Les forêts font face à une sécheresse
exceptionnelle. L’enjeu est écologique et économique. Comment assurer leur
résilience ? Entretien avec Sylvain Telzon, biologiste écologue à l’Inrae de
Bordeaux, spécialiste de l’adaptation des forêts au changement climatique
Vous estimez que nos forêts sont « en mode survie » ? Pouvez-vous
expliquer ?
Sylvain Telzon : La France connaît cette année une sécheresse exceptionnelle, avec en
juillet la pluviométrie la plus basse depuis 1959. La sécheresse a plus
d’impact sur les forêts que les canicules. Cette année, il n’y a pas de commune
mesure, on observe de la mortalité d’arbres.
En réaction, les arbres ferment complètement leurs stomates, les pores qui
se trouvent sur les feuilles, pour limiter les pertes d’eau. Ils ne
fonctionnent plus. Il n’y a plus de CO2 qui entre pour faire la photosynthèse,
plus de croissance, plus de formation de bois. C’est le mode survie. La plante
arrête de transpirer.
C’est une façon, pour elle, de se défendre ?
Sylvain Telzon : Oui, c’est la réponse de la plante. Cela marche bien quand la
sécheresse dure une à trois semaines. Mais pas quand elle dure un mois et demi
comme cette année. Dans ce cas, il y a d’autres phénomènes qui ont des impacts
sur la survie de la plante. Les feuilles se mettent à griller, les branches se
dessèchent, puis les couronnes d’arbres, voire l’arbre entier. On se trouve à
ce moment-là dans la seconde étape du processus. La 3e étape est ce qu’on appelle
l’embolie gazeuse, un effet de la cavitation, c’est-à-dire une entrée d’air
dans le circuit de circulation d’eau des arbres qui entraîne la rupture de ce
circuit. Il s’ensuit un dessèchement entier des organes, voire de la plante.
Cette année, nous avons clairement atteint les trois étapes. Nous n’avions rien
connu de tel depuis 1976. Dans un contexte de réchauffement climatique, cela
devient un sujet de préoccupation majeur.
Où a-t-on constaté des cas de mortalité d’arbres ?
Sylvain Telzon : L’ONF a signalé une mortalité de chênes et de hêtres dans le sud-ouest,
dans le centre de la France, notamment dans la forêt de Tronçais (Allier). Mais
nous n’avons pas encore assez de recul pour un bilan.
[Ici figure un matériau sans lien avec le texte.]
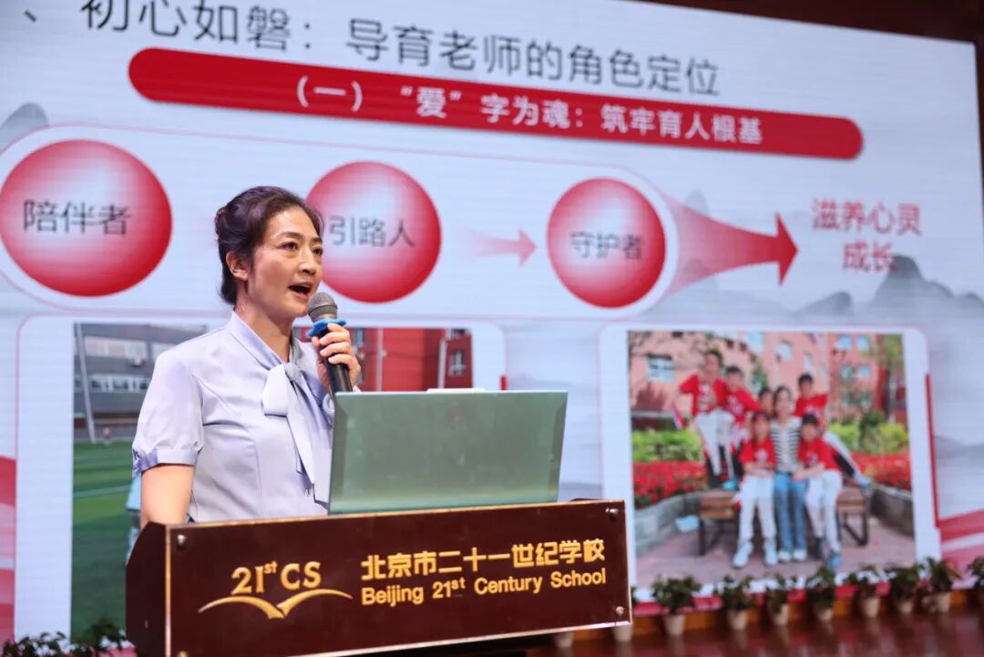 王玮老师是受到学校教育理念吸引,从家长转变为导育老师的,因此王老师比其他人更加熟知导育老师的角色定位,并从四方面讲述导育老师如何胜任学生校园生活的陪伴者、成长引路人与家校沟通桥梁。首先,情字当头、导育老师需要厚植很多超能力量:如鹰眼发现情绪失落、海马体记忆记住过敏原和生日、心理学功底读懂10后的摩斯密码。其次,研字拖底、导育老师需要注重日常关怀:关注孩子衣食住行,第一时间为孩子解决问题。第三,润字潜行、用心浸润童心:比如如何用“三明治法则”做好家校沟通,始终与家长并肩同行,双向奔赴,形成教育合力。最后,爱字贯穿、双向给予温情:且行且思,在成长路上不断实现自我迭代,坚守岗位,未来继续陪伴孩子成长。
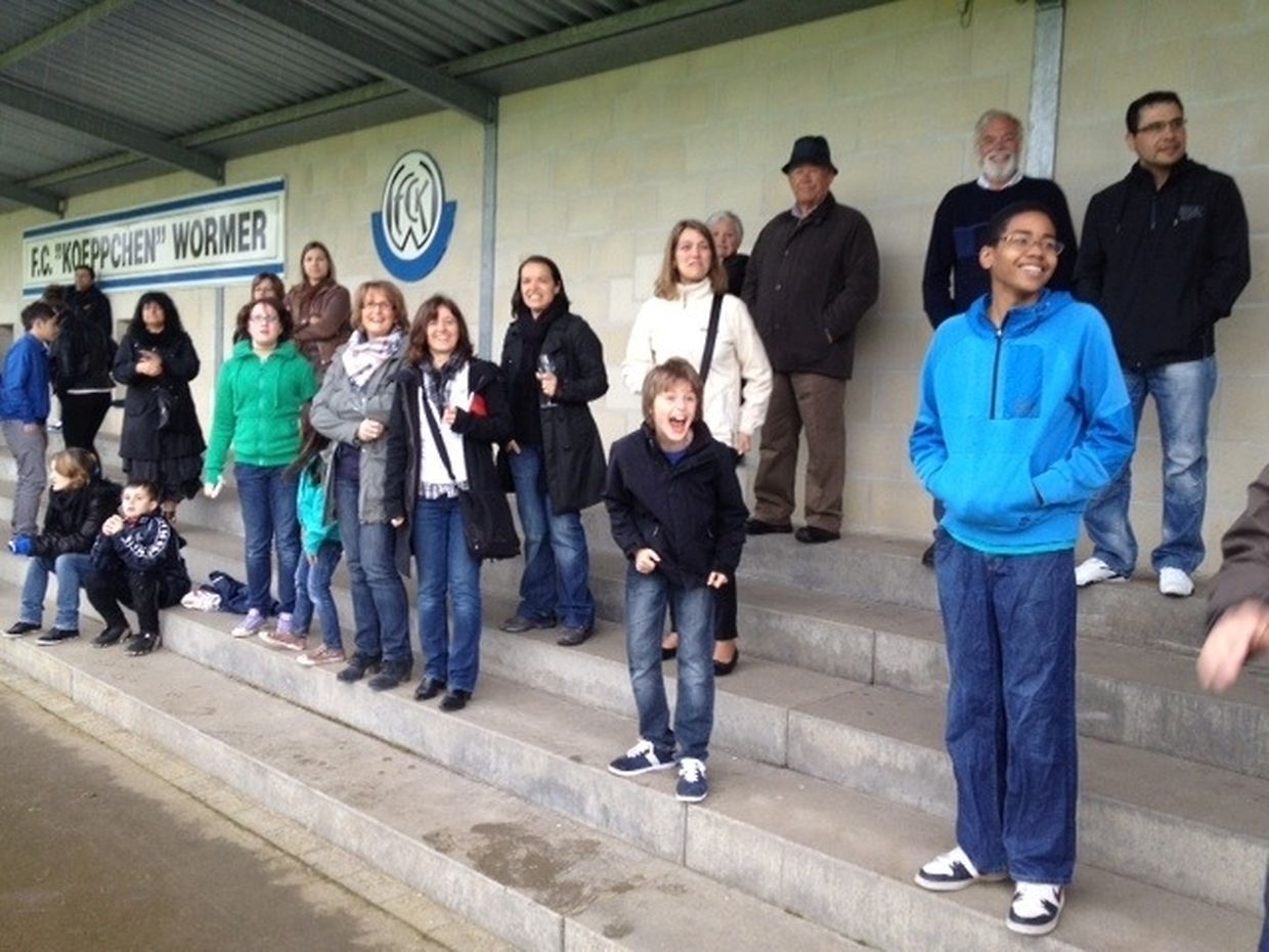 Nom Téi huet et gläich nach eemol gerabbelt an den 0:4 ass gefall. Ween gemengt hat déi Wormer géingen elo ënner goen, deen ass eppes besseres beléiert ginn. Den Ivo Silva leeft eng Konter, dribbelt behäerzt op den Goal an ... Goal. Den Jubel war grouss. Eng Minutt dono, huet den Mattis Noel een Corner an den Strofraum bruecht an den Ivo Silva schéisst den 2:4. D´Supporteren waren aus dem Haischen an och Si hunn elo hier Equipe lautstark ugefeiert. Kuerz drop schéisst den Eric Weisgerber den 3:4 an den Ivo Silva den 4:4. Et war e Futtballspektakel wei een et nach ni gesinn hat vun eisen Bouwen. Si sinn geschlossen an als Equipe opgelaf an hunn voller Selbstvertrauen all déi Saachen ëmgesat, déi si vun hirem Trainer Guy Noel geleiert ginn sin. An der 20. Minutt ass et Beetebuerg zwar nach gelongen den 4:5 ze schéissen, mä déi Wormer hunn weiderhin e puer spektakulär Goalchancen erausgespillt. Och wann si dësen Match net gewonnen hunn, hunn d´Wormer Poussins dach gewisen dass si richteg schéinen Futtball kennen spillen, an och bei engem 0:4 Réckstand net ophalen un sech ze gleewen an dass si kämpfen bis zum Schluss. D´Supporteren bedanken sech bei deenen 2 Equipen vir deen extravaganten Match.
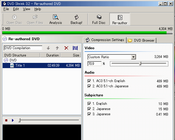 全体を一枚のDVD-Rに納めるような場合は、「Custom Ratio」を選んでからその下のスライドバーをスライドさせて圧縮率を変え、左の窓の「Size」の数値(コンテンツが幾つかあればその合計値)が 4.3GB程度になるところで止める。
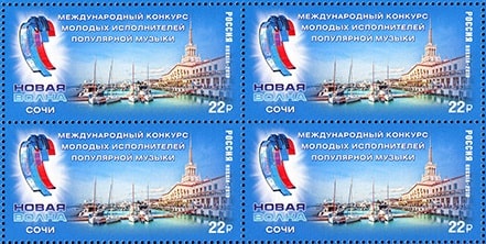 На почтовой марке изображён Сочинский морской торговый порт и логотип Международного конкурса молодых исполнителей популярной музыки «Новая Волна».
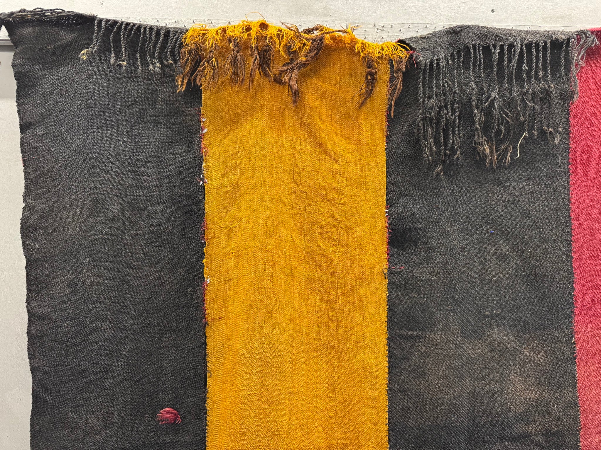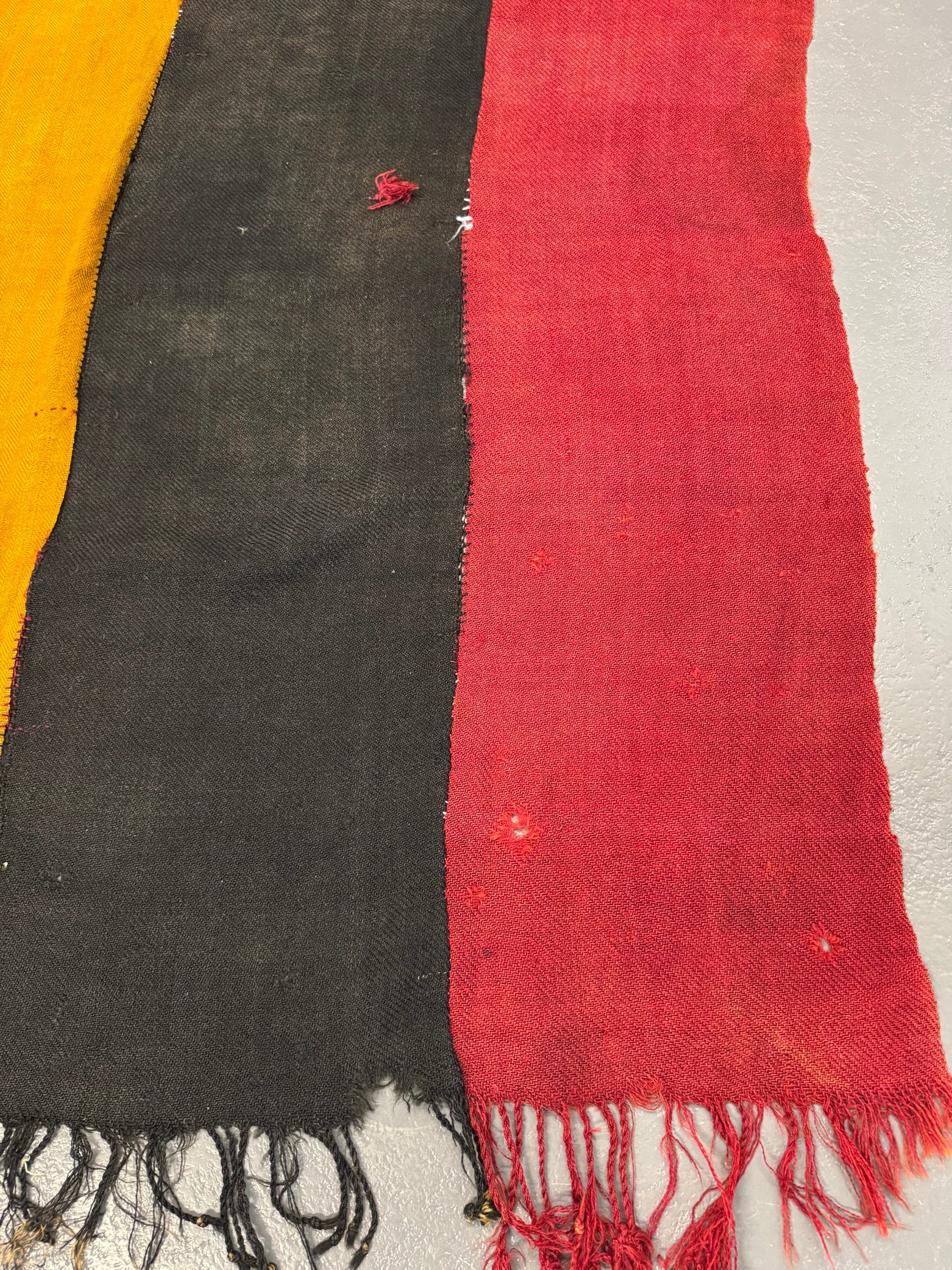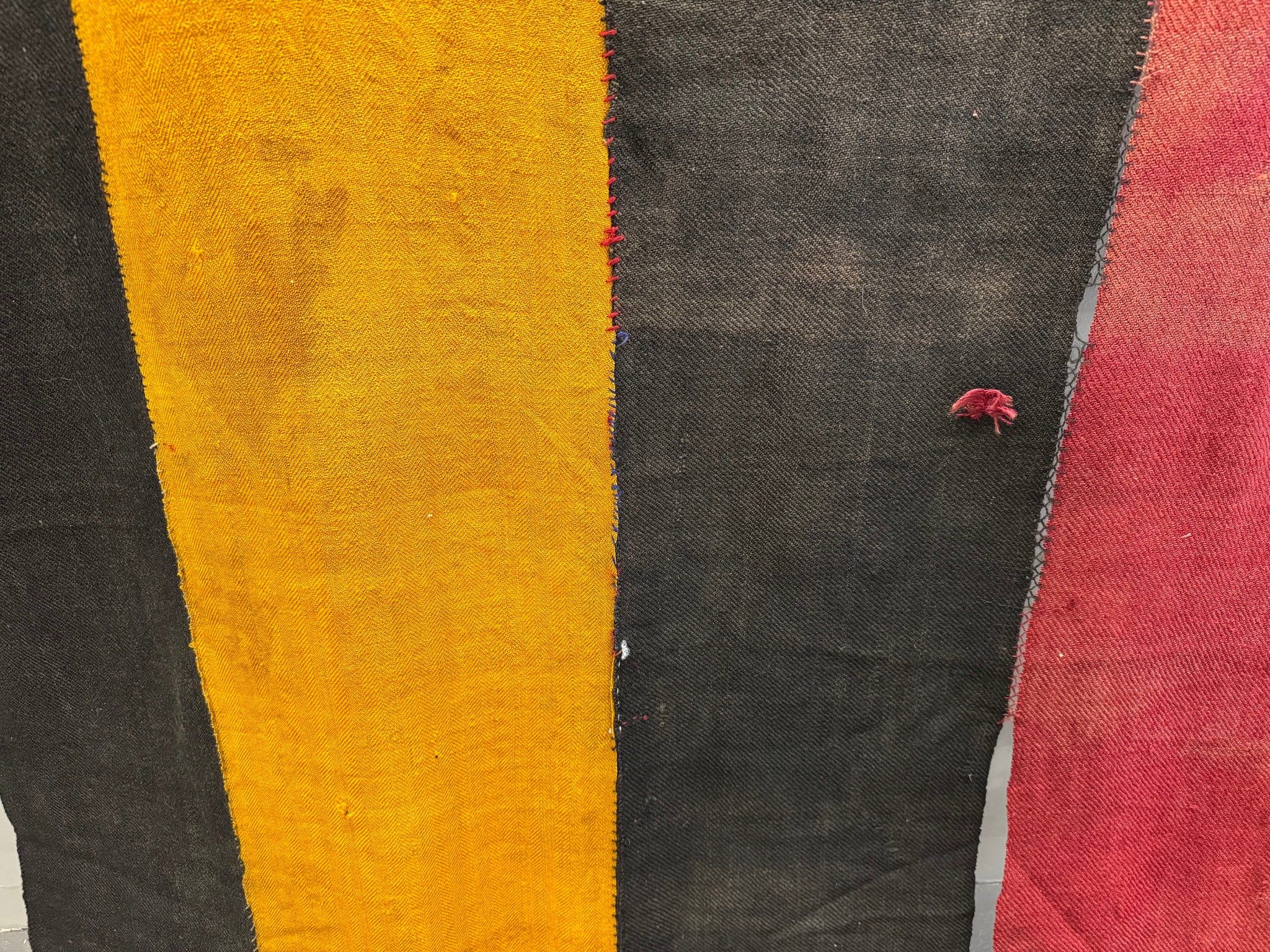 Previously used as a tent divide, hanging, curtain or for a throw or covers, constructed of joined woollen panels - small defects commensurate with use
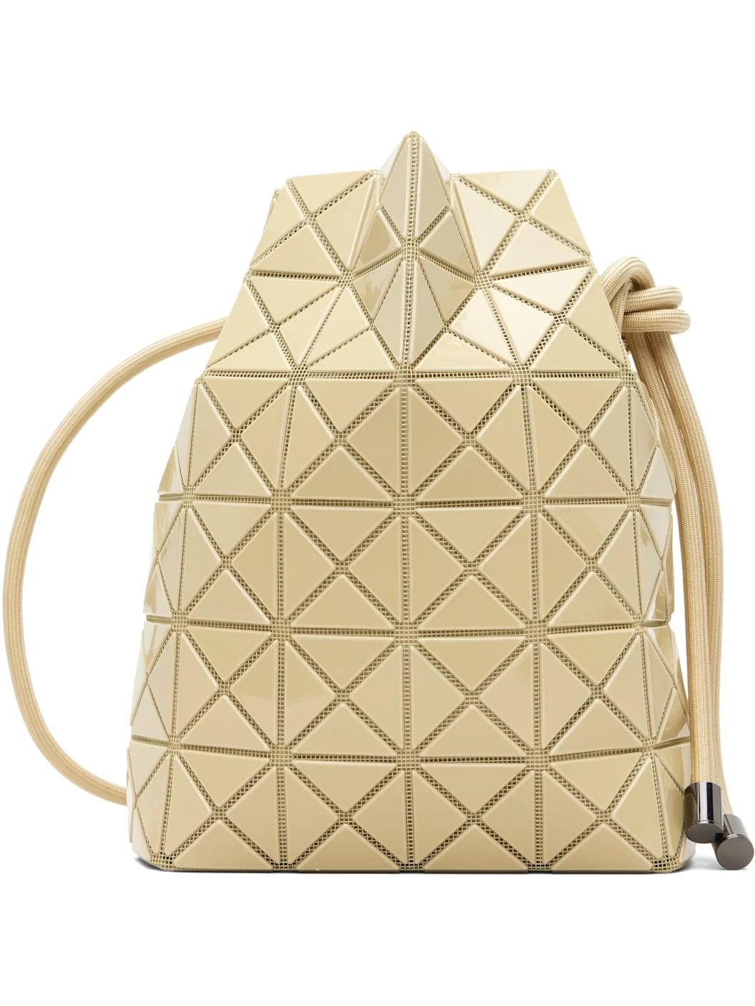 Mesh shoulder bag. · Signature triangular vinyl appliques throughout · Adjustable drawstring shoulder strap · Open throat · Zip pocket at interior · Logo-embossed canvas lining · Gunmetal-tone hardware · H9.25" x W6.25" x D3" Supplier color: Yellow beige Body: 100% polyester. Trim 1: 100% polyvinyl chloride. Trim 2: 100% nylon. Lining: 100% nylon. Made in Japan 261730F048000
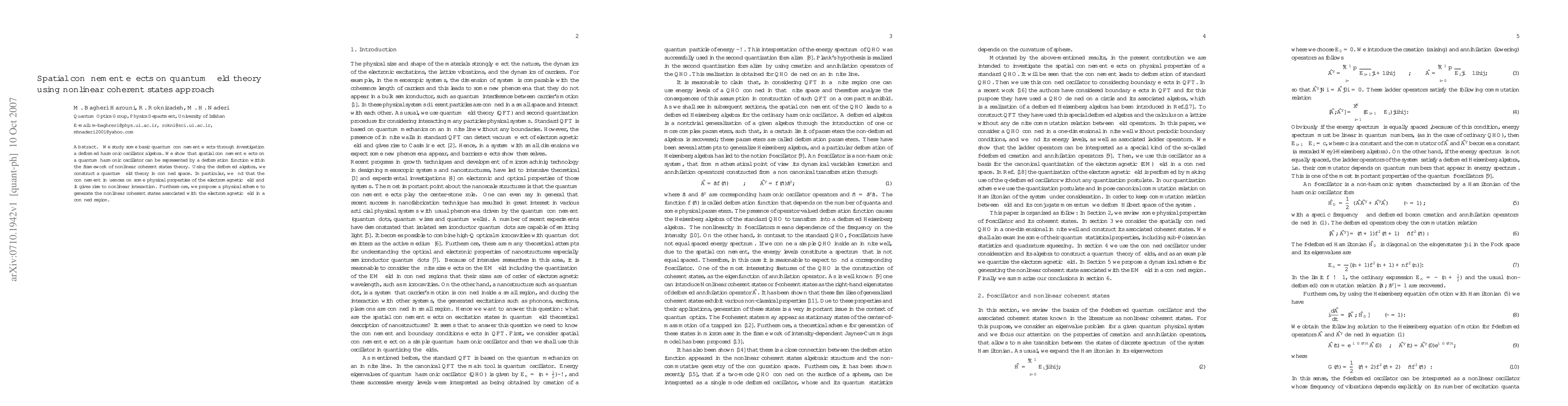 This paper investigates quantum confinement effects using nonlinear coherent states, demonstrating how spatial confinement alters a quantum harmonic oscillator via a deformation function. It constructs a quantum field theory in confined space, revealing nonlinear interactions and proposing a method to generate nonlinear coherent states for the electromagnetic field in such regions.
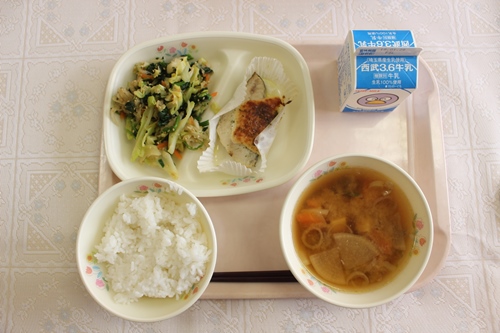 今日は、鰆のめんたいマヨネーズ焼きでした。めんたいマヨネーズ味がおいしくて、ごはんがもりもり進んでいました。魚が苦手な子どもも食べられたようでした。豚汁は、具だくさんで優しい味でおいしかったです。みんな、おいしそうに食べていました。
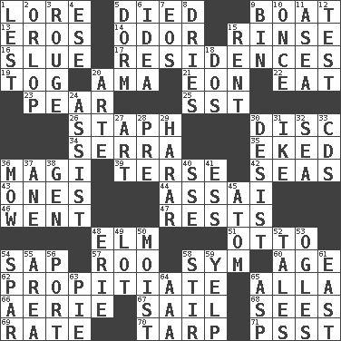 ACROSS 1. Old wives' tales, e.g. 5. Passed on 9. Water vessel 13. Greek god of love 14. Aroma 15. Wash lightly 16. Change direction abruptly 17. Dwellings 19. Coat; cloak 20. Wet nurse (var.) 21. Period of immesurable duration 22. Erode 23. Lightbulb-shaped fruit 25. Fast jet (abbr.) 26. Staphylococcus 30. Flat circle 34. Father Junipero _ 35. Supplemented with great effort 36. Wise men 39. Laconic 42. Oceans 43. Washington bills 44. Slender Brazilian palm 46. Left 47. Musical pauses 48. Shade tree 51. "Beetle Bailey" pooch 54. Plant excrement 57. Friend of Pooh 58. Symbol (abbr.) 60. Ripen 62. Conciliate 65. Silent film actress Nazimova 66. Nest on high 67. Travel by water 68. Observes 69. Assign a rank or rating to 70. Canvas cover 71. Inconspicuous attention getter DOWN 1. For fear that 2. Lowest deck of a ship 3. Makeup applied to the cheeks 4. Compass dir. 5. Dormintory (informal) 6. It may be bright or harebrained 7. Greek goddess of the dawn 8. Frees from moisture 9. Storage container 10. At one time in the past 11. At sea 12. Trial 15. Monthly bill 18. Two (Sp.) 20. Johnson of "Laugh-In" 24. Help 27. Tate display 28. Before (prefix) 29. Ethiopian city, capital of Harari 30. Cease 31. Mamie's mate 32. Ocean 33. Music discs 36. Cut the grass 37. A saturated hydrocarbon 38. Commissioned mil. rank 40. Compass dir. 41. Curvy letter 45. Tiny particle 48. One of the Great Lakes 49. Car dealer's back yard 50. Wet 52. Falsehoods 53. Stares 54. Practice fight 55. Type of rug 56. Left side of a ship or aircraft 58. Commotion 59. Sharp bark 61. 90 degrees 63. Sliced dessert 64. Auto club (abbr.) 65. Viper
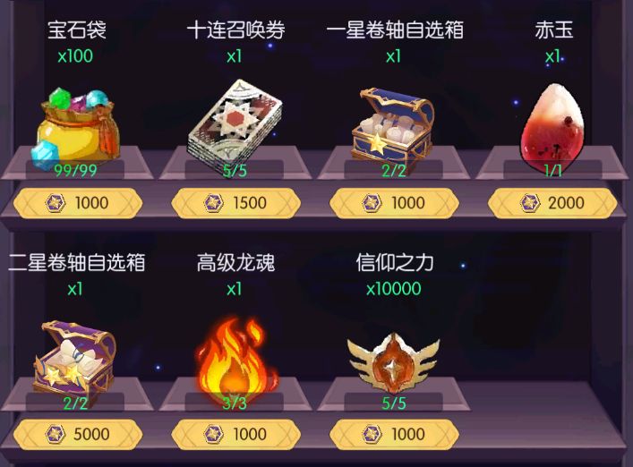 ●许愿商店:r5许愿商店新增赤玉与5w信仰,每周一刷新,至少请每周把4级神语买空来兑换赤玉信仰,其他商品,可以买空三级神语来换三个高级龙魂或者一个二星卷轴自选

L’impact le plus important, mais invisible du dépérissement est l’émission
de carbone. Un arbre qui meurt, c’est 50 % du carbone qui se dégradera
dans l’atmosphère. En l’absence de photosynthèse, l’arbre stockera moins de
carbone ou plus du tout. La forêt, puits de carbone, peut devenir source de
carbone.
Que faut-il faire – et ne pas faire – pour des forêts plus résilientes au
changement climatique ?
Sylvain Telzon : Dans le cas des forêts, pour celles, de plantation, comme les pins
maritimes, il faut planter des individus, ou génotypes dans notre jargon, qui seront
plus résistants. Pour la forêt naturelle, on préconise aux gestionnaires
d’augmenter la diversité génétique. Par exemple, apporter des graines du sud de
la France, mieux adaptées au stress hydrique, les mélanger et les replanter
dans la forêt de Tronçais, ou ramener des populations qui viennent d’un peu
partout en Europe. Plus il y a de diversité génétique et plus il y a de
résistance.
La forêt française présente-t-elle suffisamment de diversité ?
Sylvain Telzon : Nous avons une forte diversité en France dans les forêts naturelles.
C’est le cas des chênaies, notamment. Nous sommes plutôt bien adaptés à
condition, comme nous le recommandons, de faire primer la résistance au
réchauffement climatique sur des critères de production. Adapter la forêt au changement
climatique est un travail de longue haleine. C’est un enjeu économique et
écologique.
Y-a-t-il d’autres raisons d’être inquiet pour nos forêts ?
Sylvain Telzon : Pour le moment, il
y a lieu de s’inquiéter pour ceux qui vivent de la forêt et de la production de
bois. Il y a aura un impact certain sur la filière bois. Elle emploie 225 000
personnes en Nouvelle-Aquitaine. Or, l’arbre, c’est du long terme, car ceux que
l’on plante aujourd’hui, ce seront des forêts dans 150 ou 250 ans. Mais on
investit peu dans la recherche sur l’arbre, la sylviculture ne rapporte pas
beaucoup. Et pourtant, l’arbre est sans aucun doute notre meilleur ami pour le
futur, en particulier dans les villes.